The Standard’s news roundup gives you a quick hit of interesting, sometimes irreverent, and breaking news stories from all over the state.
The parents of a Pakistani exchange student killed during the school shooting in Santa Fe, Texas have joined a lawsuit against the suspected shooter’s parents. The alleged gunman, 17-year-old Dimitrios Pagourtzis has been charged with capital murder and aggravated assault on a peace officer.
Houston Public Media’s Laurie Johnson reports.
17-year-old Sabika Sheikh was one of 10 people killed in the shooting at Santa Fe High School on May 18. Now, her parents, Abdul Aziz and Farah Naz Sheikh, have joined a lawsuit previously filed by some of the victims’ family members. The suit alleges the 17-year-old suspect’s parents “negligently and irresponsibly stored their firearms so their son could access them.” It also claims they failed to respond to warning signs their son might be a danger to others.
An attorney for the suspect’s parents denies any liability on their part and says they can’t be held accountable for crimes committed by someone else.
Sabika was in the United States as part of a State Department-sponsored Exchange Program. In Houston, I’m Laurie Johnson.
The Texas General Land Office says a program that provides trailers to people who lost their homes in Hurricane Harvey is getting an extension. Nearly 1,600 households are still in Temporary Housing Units.
Land Commissioner George P. Bush asked the Federal Emergency Management Agency to provide the temporary housing for another six months. The FEMA program was originally set to expire in February because that will mark 18 months since the disaster. Bush also asked for a rent waiver. GLO spokesperson Brittany Eck says that request was denied.
“And the rent is considered minimal,” Eck says. “It will be based on fair market value with consideration for the individual’s income level.”
The temporary housing units will now be available through August 25, 2019. In some areas, people will have the chance to purchase their FEMA trailer.

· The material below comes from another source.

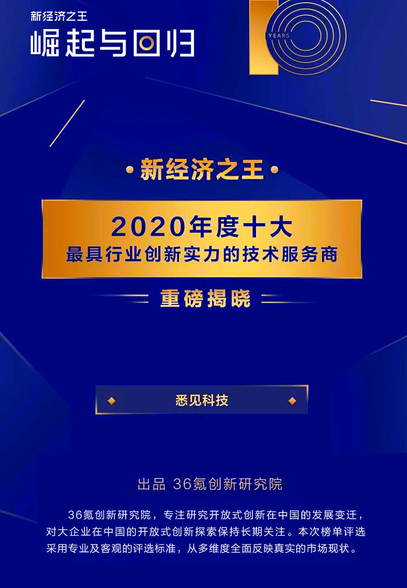 在新經(jīng)濟(jì)十年之際,在WISE2020評(píng)選出了開放式創(chuàng)新十大技術(shù)服務(wù)商。他們具有技術(shù)成熟度,擁有強(qiáng)大的技術(shù)研發(fā)團(tuán)隊(duì),在技術(shù)研發(fā)上有前瞻性;他們具有服務(wù)能力,能將技術(shù)與產(chǎn)業(yè)深度結(jié)合,服務(wù)大企業(yè);他們具有商業(yè)價(jià)值,有創(chuàng)新解決方案的實(shí)施能力,并且方案有行業(yè)可復(fù)制性。

Friday, the Texas Parks and Wildlife Department begins stocking the state’s ponds, lakes and rivers with rainbow trout. More than 170 locations will soon be brimming with the fish.
Aubry Buzek is a spokesperson for the state agency.
“Rainbow trout typically do better in cool weather, so this has become a winter tradition once the temperatures start to drop, we start looking at putting rainbow trout in for kind of a winter fishing option for families and anglers,” Buzek says.
Buzek adds it’s rare for trout to reproduce in Texas, so they’re brought in from out of state.
“So most of our hatchery trout, they actually come from Missouri. They take a pretty long trip down to Texas,” Buzek says.
Texas Parks and Wildlife will be stocking more than 320,000 rainbow trout at all locations through March. And Buzek says this is an especially popular season for fishing.
“Definitely if you want some tips, some insider tips, get their early. If you want to keep any of the rainbow trout, you’re going to want to have some ice with you,” she says. “And if you are going to go fishing at one of our stocking sites make sure you keep a safe and courteous distance from fellow anglers.”
Children under 17 can fish for free, but adults are required to have a fishing license. But, if you’re casting your line in Texas state parks, no license is required.